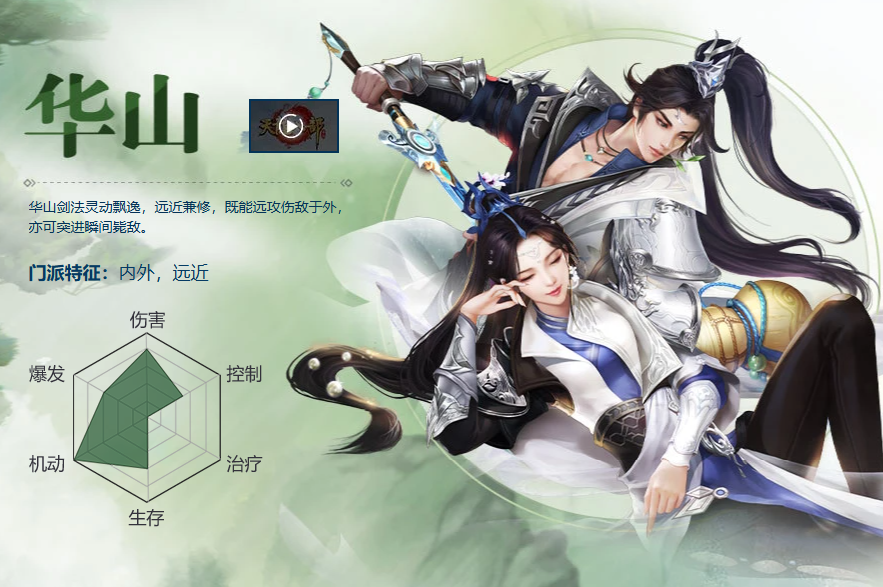 3.华山:华山在输出方式上是中远距离的,和武当这类纯远程的职业来比,输出距离上要差一些,但是在输出能力上,也算是顶尖的存在了。并且华山并不是特别依赖氪金,没有乔峰也一样能玩,只要能利用技能机制就能打出不错的输出。
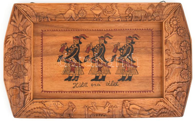 Leírás: Régi faragott tálca. "Hálött ez a zélet" felirattal, iszogató betyárok mintával, pereménél gazdag faragott mintával, 39x24 cm
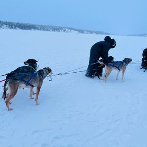 犬ゾリは初体験で面白く、訓練された犬達にも感心し、可愛いかったのですが、自分達が乗るソリが来るまでかなりの時間外で待たされとても寒かった。当初スタッフさんが2人乗りのグループを先に乗せようとしたのでスタンバイをしていたところ、現場の他のスタッフに急に3人乗りから、と言われ、ソリが湖を周って戻るまで30分以上は小雪も舞う寒さの中立ったまま待たされました。最初に乗ったグループは終了後にバスに乗せてもらい先に帰ったようで、寒さの中待たされることもなかったようですが、今回のように申し込み者の数に対してソリの数が限られる場合はその場で適当に決めるのではなく、迎えのバスの中でオペレーションをもっと綿密に考えてもらいたかった。迎えのスタッフと現場のスタッフとの事前の打ち合わせを徹底してもらいたい。
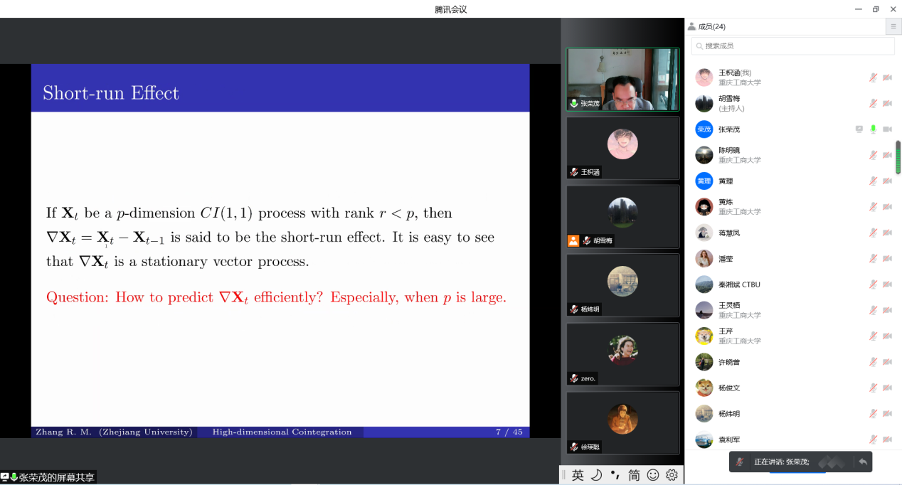 张荣茂教授的报告首先介绍了协整和短期效应的概念,阐述了预测短期效应的三种方法:向量自回归(VAR)、因子模型(FM)和误差修正模型(ECM),重点介绍了他们提出的误差修正因子模型,将长期平稳关系和误差修正模型联合建模,发展了协整空间、协整秩、潜在因子、因子数目等的新估计方法和h步向前预测方法,最后通过两个实例展示了所提方法的有限样本表现。报告结束后公司老师与张荣茂教授在误差修正影子模型、协整秩、Yule-Walker方法估计因子等问题展开了深入交流。
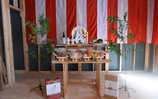 今回は上棟式・もちなげを行いました。久々の餅投げでご家族と一緒に楽しい時間を過ごさせていただきました。
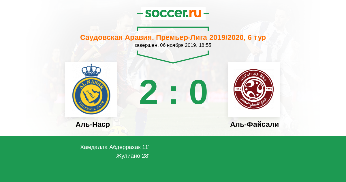 Аль-Наср - Аль-Файсали: обзор матча 6 ноября 2019
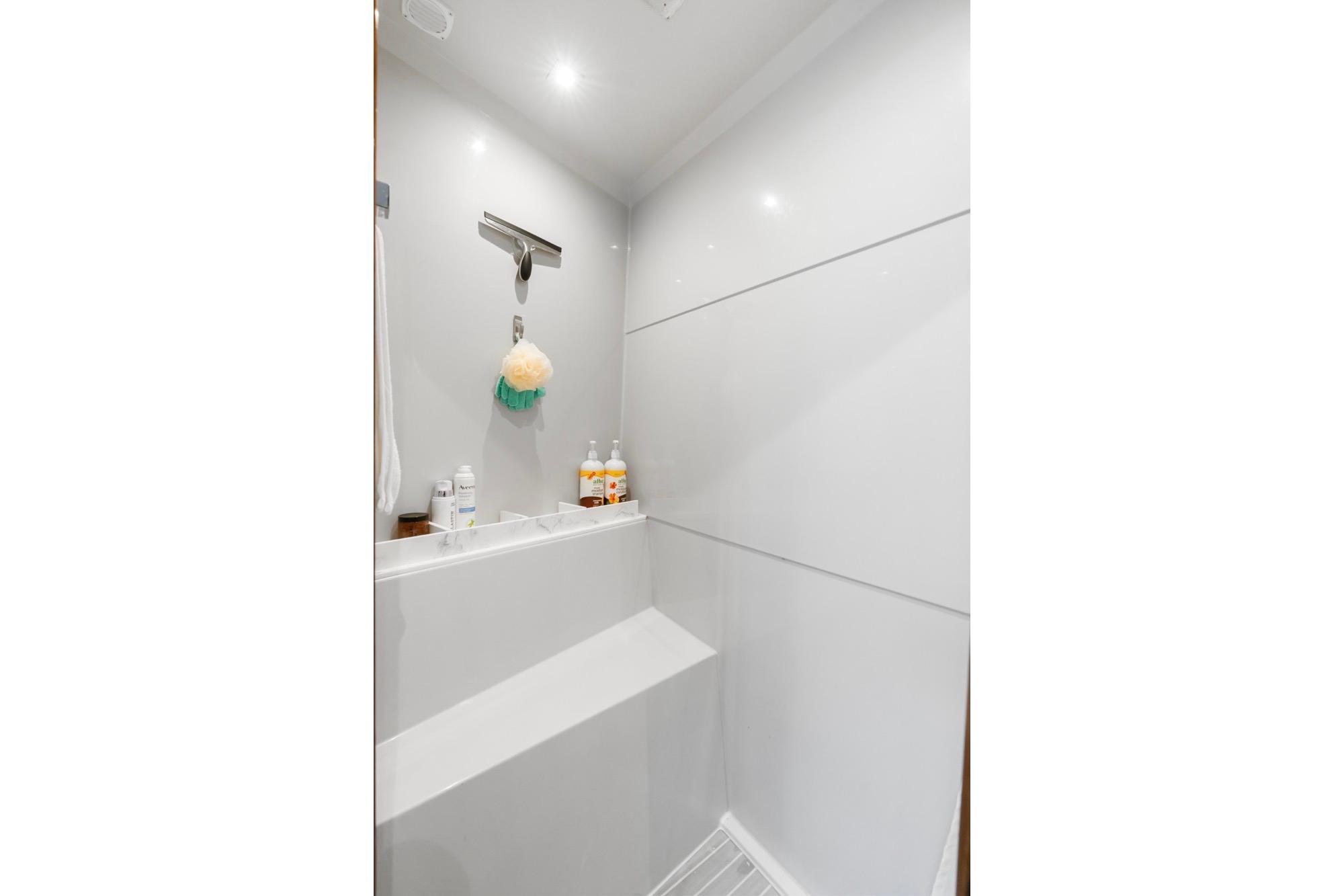 - En-suite head with separate rainfall shower, tile accent wall, and designer fixtures
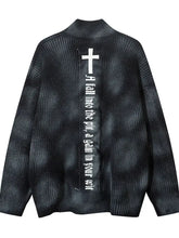 Мъжки плетен кардиган с цип и кръстосан тай-дай дизайн | Черно / S 100400664252986
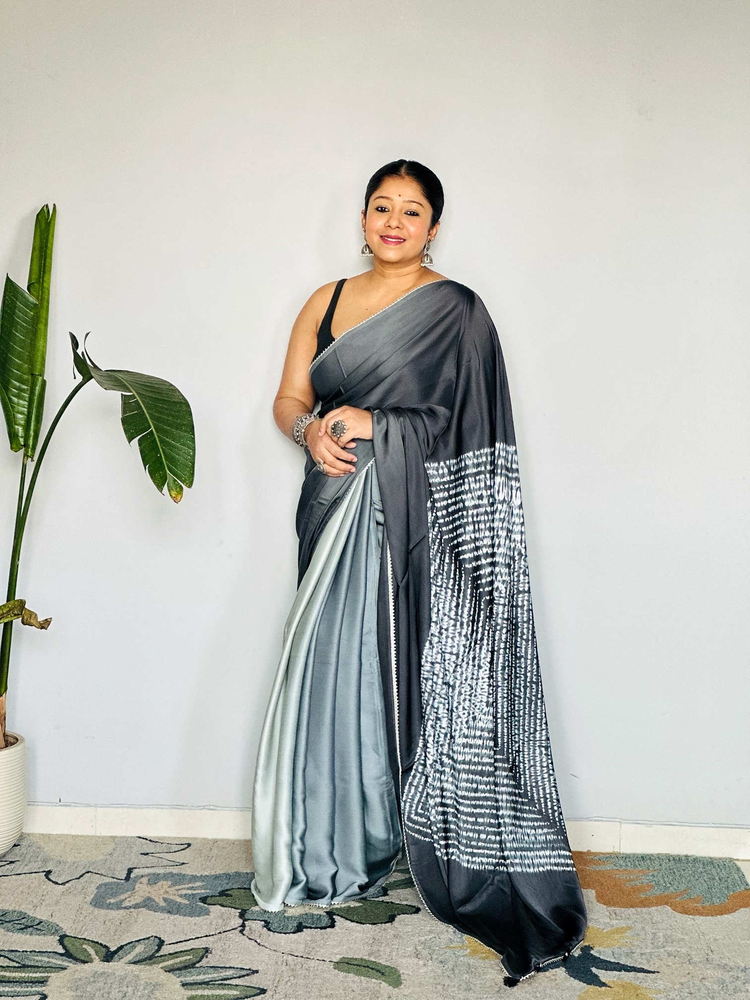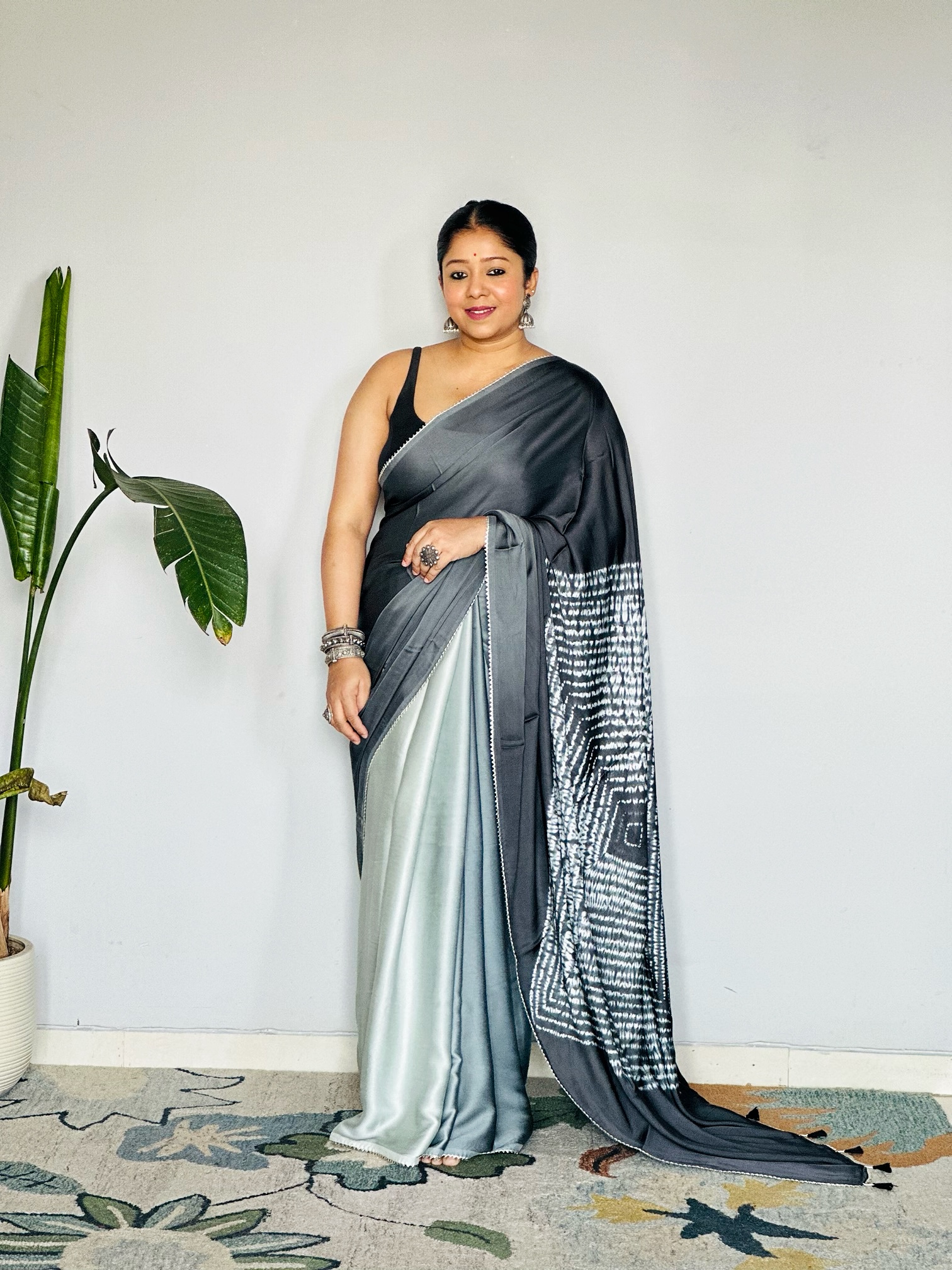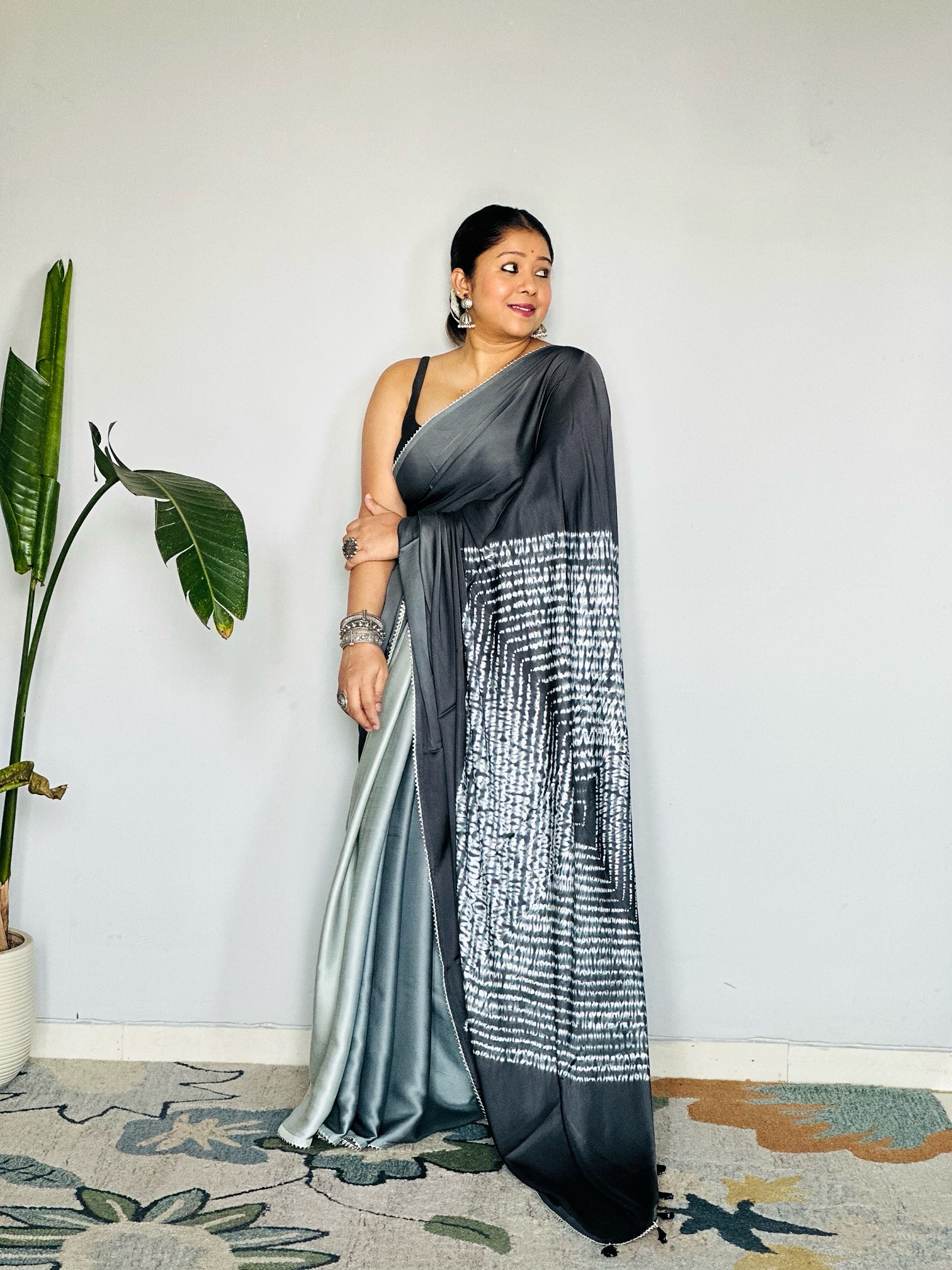 - The saree has shades of grey.
============================================================
**THE TASK**.
The lines from the top of the data above through the one holding "Leírás: Régi faragott" are to be repeated exactly, and only those, with no pictures.

**REPLY**.
 3.华山:华山在输出方式上是中远距离的,和武当这类纯远程的职业来比,输出距离上要差一些,但是在输出能力上,也算是顶尖的存在了。并且华山并不是特别依赖氪金,没有乔峰也一样能玩,只要能利用技能机制就能打出不错的输出。
 Leírás: Régi faragott tálca. "Hálött ez a zélet" felirattal, iszogató betyárok mintával, pereménél gazdag faragott mintával, 39x24 cm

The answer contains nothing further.